#### DATA PROVIDED ####

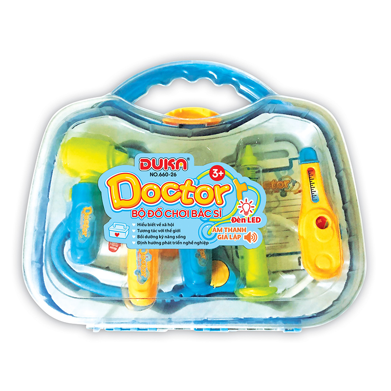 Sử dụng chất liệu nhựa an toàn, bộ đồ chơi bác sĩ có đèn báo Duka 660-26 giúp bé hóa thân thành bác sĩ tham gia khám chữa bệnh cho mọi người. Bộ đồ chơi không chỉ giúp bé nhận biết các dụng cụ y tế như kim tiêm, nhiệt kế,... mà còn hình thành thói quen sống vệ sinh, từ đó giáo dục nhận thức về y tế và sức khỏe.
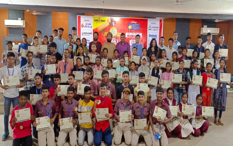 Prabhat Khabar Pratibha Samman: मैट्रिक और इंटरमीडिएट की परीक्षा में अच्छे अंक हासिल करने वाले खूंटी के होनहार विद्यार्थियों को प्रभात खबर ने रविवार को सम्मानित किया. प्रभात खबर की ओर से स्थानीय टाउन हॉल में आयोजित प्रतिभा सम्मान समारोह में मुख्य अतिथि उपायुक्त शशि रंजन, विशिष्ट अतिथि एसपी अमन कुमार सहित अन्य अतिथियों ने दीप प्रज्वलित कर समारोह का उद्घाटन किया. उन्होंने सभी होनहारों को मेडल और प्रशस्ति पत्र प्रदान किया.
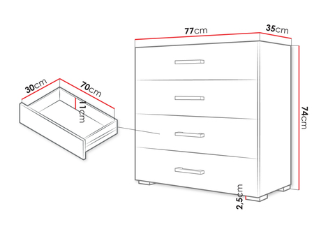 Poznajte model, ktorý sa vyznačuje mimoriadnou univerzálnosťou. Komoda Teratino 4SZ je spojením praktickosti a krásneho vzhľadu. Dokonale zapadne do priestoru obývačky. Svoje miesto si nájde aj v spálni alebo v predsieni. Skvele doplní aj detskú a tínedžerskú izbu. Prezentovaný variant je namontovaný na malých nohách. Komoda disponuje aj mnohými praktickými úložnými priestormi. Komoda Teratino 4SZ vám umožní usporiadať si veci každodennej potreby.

####

The reply should consist only of the lines from the top of the material above through the line with "Prabhat Khabar Pratibha", printed exactly, pictures omitted.

 Sử dụng chất liệu nhựa an toàn, bộ đồ chơi bác sĩ có đèn báo Duka 660-26 giúp bé hóa thân thành bác sĩ tham gia khám chữa bệnh cho mọi người. Bộ đồ chơi không chỉ giúp bé nhận biết các dụng cụ y tế như kim tiêm, nhiệt kế,... mà còn hình thành thói quen sống vệ sinh, từ đó giáo dục nhận thức về y tế và sức khỏe.
 Prabhat Khabar Pratibha Samman: मैट्रिक और इंटरमीडिएट की परीक्षा में अच्छे अंक हासिल करने वाले खूंटी के होनहार विद्यार्थियों को प्रभात खबर ने रविवार को सम्मानित किया. प्रभात खबर की ओर से स्थानीय टाउन हॉल में आयोजित प्रतिभा सम्मान समारोह में मुख्य अतिथि उपायुक्त शशि रंजन, विशिष्ट अतिथि एसपी अमन कुमार सहित अन्य अतिथियों ने दीप प्रज्वलित कर समारोह का उद्घाटन किया. उन्होंने सभी होनहारों को मेडल और प्रशस्ति पत्र प्रदान किया.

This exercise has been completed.